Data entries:
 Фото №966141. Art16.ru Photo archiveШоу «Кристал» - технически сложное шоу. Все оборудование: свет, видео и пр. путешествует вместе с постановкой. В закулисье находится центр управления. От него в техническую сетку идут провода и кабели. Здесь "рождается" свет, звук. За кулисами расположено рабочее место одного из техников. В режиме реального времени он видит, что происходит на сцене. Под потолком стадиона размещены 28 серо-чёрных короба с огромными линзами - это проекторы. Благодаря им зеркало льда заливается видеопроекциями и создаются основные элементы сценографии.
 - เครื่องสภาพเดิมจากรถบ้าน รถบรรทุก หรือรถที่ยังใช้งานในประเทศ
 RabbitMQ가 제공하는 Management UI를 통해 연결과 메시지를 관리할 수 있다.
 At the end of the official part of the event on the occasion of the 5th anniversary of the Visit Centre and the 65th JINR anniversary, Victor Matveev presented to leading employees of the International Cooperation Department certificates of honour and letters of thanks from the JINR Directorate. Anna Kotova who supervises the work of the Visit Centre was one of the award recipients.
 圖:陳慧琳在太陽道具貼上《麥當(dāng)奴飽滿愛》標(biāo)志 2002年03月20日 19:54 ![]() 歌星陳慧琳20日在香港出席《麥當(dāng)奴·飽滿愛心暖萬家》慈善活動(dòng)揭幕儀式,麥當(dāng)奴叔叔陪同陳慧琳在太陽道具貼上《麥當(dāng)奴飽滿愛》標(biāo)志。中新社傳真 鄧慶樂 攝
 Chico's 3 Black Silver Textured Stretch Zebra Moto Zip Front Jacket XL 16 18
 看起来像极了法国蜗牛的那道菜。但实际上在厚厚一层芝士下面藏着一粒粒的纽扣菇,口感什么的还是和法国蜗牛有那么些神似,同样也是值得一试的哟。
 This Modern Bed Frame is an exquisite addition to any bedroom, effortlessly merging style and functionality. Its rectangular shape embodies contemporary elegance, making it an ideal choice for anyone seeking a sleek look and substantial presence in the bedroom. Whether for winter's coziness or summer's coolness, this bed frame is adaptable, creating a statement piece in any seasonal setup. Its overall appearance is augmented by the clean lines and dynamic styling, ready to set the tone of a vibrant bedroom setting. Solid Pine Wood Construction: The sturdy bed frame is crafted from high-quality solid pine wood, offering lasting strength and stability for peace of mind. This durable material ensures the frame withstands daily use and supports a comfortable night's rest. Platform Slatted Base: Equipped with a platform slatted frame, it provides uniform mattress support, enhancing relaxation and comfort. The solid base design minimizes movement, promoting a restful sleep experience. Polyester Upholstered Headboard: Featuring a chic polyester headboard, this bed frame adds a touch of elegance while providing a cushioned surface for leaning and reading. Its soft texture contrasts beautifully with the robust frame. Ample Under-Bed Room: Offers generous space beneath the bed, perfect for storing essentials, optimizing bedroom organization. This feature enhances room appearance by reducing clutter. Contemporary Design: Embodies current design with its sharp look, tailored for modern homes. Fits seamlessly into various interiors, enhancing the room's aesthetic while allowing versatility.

**Your objective:** Quote exactly the first line of the data and every line after it through the one holding "RabbitMQ가 제공하는 Management".

**Task answer:**
 Фото №966141. Art16.ru Photo archiveШоу «Кристал» - технически сложное шоу. Все оборудование: свет, видео и пр. путешествует вместе с постановкой. В закулисье находится центр управления. От него в техническую сетку идут провода и кабели. Здесь "рождается" свет, звук. За кулисами расположено рабочее место одного из техников. В режиме реального времени он видит, что происходит на сцене. Под потолком стадиона размещены 28 серо-чёрных короба с огромными линзами - это проекторы. Благодаря им зеркало льда заливается видеопроекциями и создаются основные элементы сценографии.
 - เครื่องสภาพเดิมจากรถบ้าน รถบรรทุก หรือรถที่ยังใช้งานในประเทศ
 RabbitMQ가 제공하는 Management UI를 통해 연결과 메시지를 관리할 수 있다.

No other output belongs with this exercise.